Universities (Development and Innovation) (Amendment) Bill 2015 – II – Tenure

Seanad Entrance, via Oireachtas websiteThis is the second in a series of posts on Senator Seán Barrett‘s Private Members’ Bill, the Universities (Development and Innovation) (Amendment) Bill 2015, which was discussed last week in the Seanad (the first post is here). Section 5 of the Bill provides a definition of “academic ”. As the Explanatory Memorandum explains

… the protections afforded by academic tenure allow academics to investigate unfashionable, controversial, or distasteful topics or dissent from received wisdom, and to teach and publish their honest conclusions, without fear of external pressures (for example, from university donors, vociferous critics, or government) or internal censure (for example, by means of suspension or dismissal).

In many ways, this is unfinished business left over from the Universities Act, 1997 (also here). Section 25(6) of that Act refers to “tenure”, but does not define it. Two cases dodged the question (see Fanning v UCC [2005] IEHC 264 (24 June 2005), aff’d [2008] IESC 59 (28 October 2008) and Cahill v DCU [2007] IEHC 20 (09 February 2007), aff’d [2009] IESC 80 (09 December 2009)). Hence, as Senator David Norris put it during the Second Stage debate, as “there has been no decision [by the Courts], it is very important that these matters be clearly and succinctly addressed in legislation”.

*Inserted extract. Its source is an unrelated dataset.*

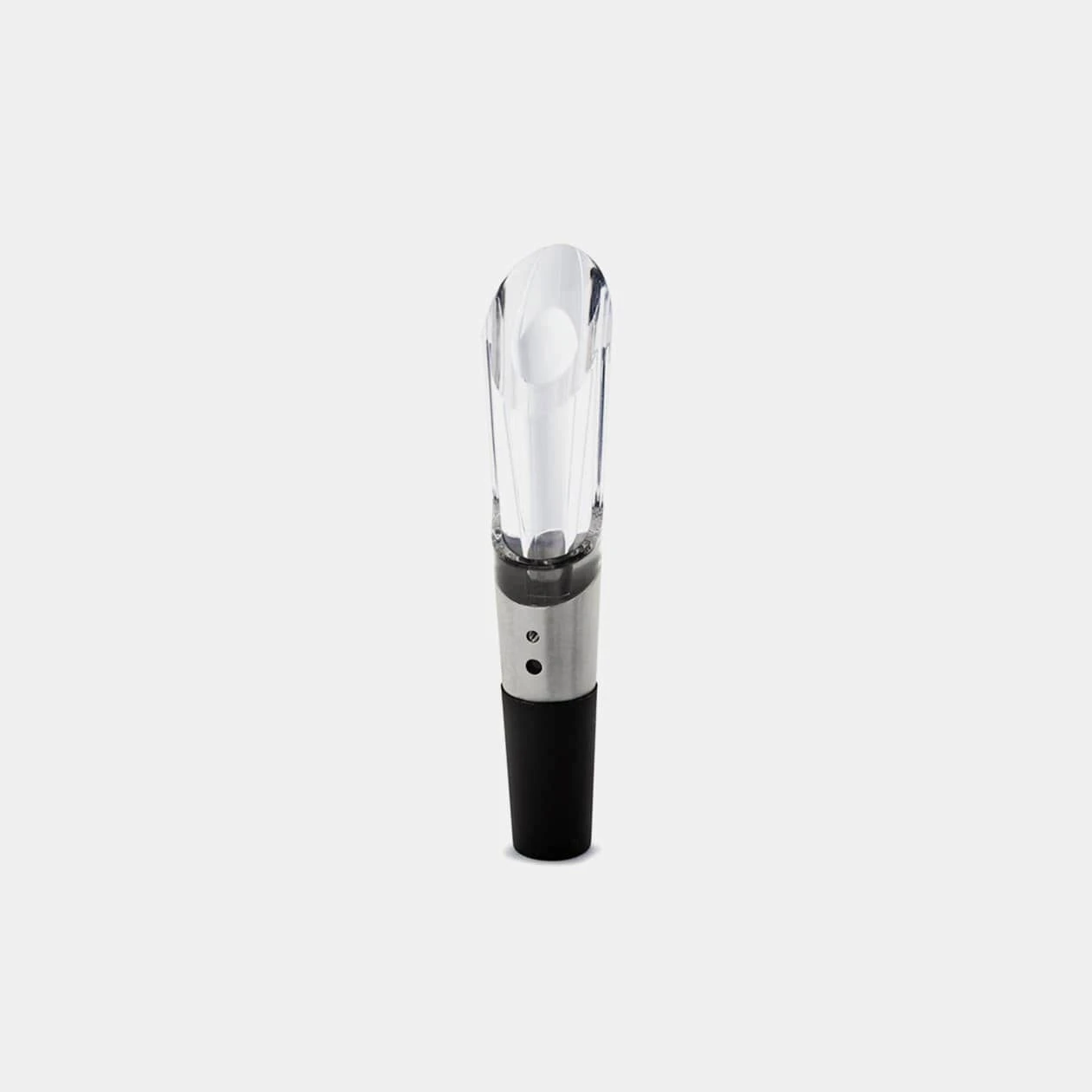 Aerating your wine is a secret to making a more drinkable and flavorful glass of wine. Allowing wine time to breathe enhances wine’s flavor, but when you don’t have time to wait, an aerator can provide oxygen to the wine more quickly. The Super Aerator allows you to pour the wine from the bottle straight to the glass improving the wine’s flavor on the way. It sits securely in the bottle and its sleek design will be a welcomed addition to your wine tool collection. Simply uncork your wine, insert the Super Aerator, and pour a perfectly aerated glass of your favorite wine.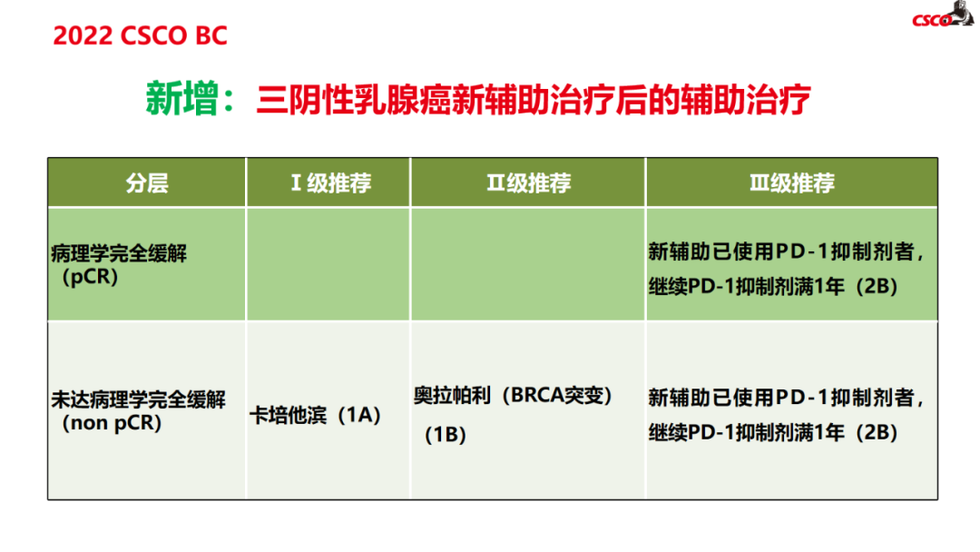 2022版CSCO BC指南还新增TNBC新辅助治疗后的辅助治疗推荐。主要按达到pCR和未达到pCR进行分层。其中,基于CREATE-X研究结果,新辅助治疗后未达到 pCR 的患者I级推荐卡培他滨(1A)。

Against that background, and building upon international best practice and upon definitions in the statutes of TCD, UCC and UCD, section 5 of the Bill would have filled that gap. Perhaps reflecting Prof Hedley‘s criticism of the provisions relating to tenure in his earlier Higher Education and Research (Consolidation and Improvement) Bill 2014, Senator Barrett took a very different approach in this Bill. Section 5 would have inserted a new section 14A into the 1997 Act. In particular, section 14A(1) would have provided:

To preserve and promote the principles of academic freedom provided for in section 14, and to provide security against arbitrary dismissal, the principle of academic tenure guarantees that the employment of officers [ie, full-time permanent members of the academic staff of the university] shall not be terminated, except—

(a) in the case of a non-continuation of a contract during the course of or at the end of a period of probation, if any;
(b) where the officer attains the age for the time being prescribed in law or agreed in the officer’s contract of employment as the ordinary retirement age for the office-holder, if any;
(c) where the officer earlier retires from office, resigns, or dies;
(d) where the officer’s contract of employment is discharged by operation of law;
(e) pursuant to procedures adopted pursuant to section 25(6) [which relates to suspension or dismissal]; or
(f) pursuant to procedures adopted pursuant to subsection (4) [which relates to physical or mental infirmity].

Furthermore, section 5(3) of the Bill would have removed the problematic reference to “tenure” in section 25(6) of the 1997 Act, and replaced it with a reference back to the new section 14A.

Hence, section 5 would have allowed academic experts to engage in important public debates without fear of retaliation; but it would protect them only in respect of matters within their contracts of academic employment, and provides security only against arbitrary dismissal. As paragraphs (e) and (f) make expressly clear, the principle of academic tenure does not preclude dismissal for legitimate disciplinary reasons pursuant to properly adopted disciplinary procedures. However, the Minister for Education and Skills, Jan O’Sullivan, effectively dismissed this draft. During the Second Stage debate, she said

I understand that there is a view that the 1997 Act does not sufficiently separate the question of academic tenure from matters relating to disciplinary processes in the employment relationship. However, I am advised that the proposed amendment would not substantially improve matters in this regard and may introduce unnecessarily cumbersome procedures.

This might have been a valid criticism of the tenure provisions in Senator Barrett’s earlier 2014 Bill, but it is misplaced in respect of section 5 of his 2015 Bill. In particular, the Minister’s “may” here is misleading in its ambiguity. Universities already have the suspension or dismissal procedures mentioned in paragraph (e) and the physical or mental infirmity procedures mentioned in paragraph (f); and the aim of section 5 as a whole was to ensure that tensions between these procedures and the principle of academic tenure are resolved without providing for unnecessarily cumbersome procedures.

Responding to Prof Hedley’s criticisms of his 2014 Bill’s provisions relating to tenure, Senator Barrett commented that

The issue of tenure is not a simple one. I would have liked to start from a blank slate here but wasn’t given the opportunity.

He took that opportunity in this Bill, and it is a very great pity that the Minister was not more enthusiastic about his new approach.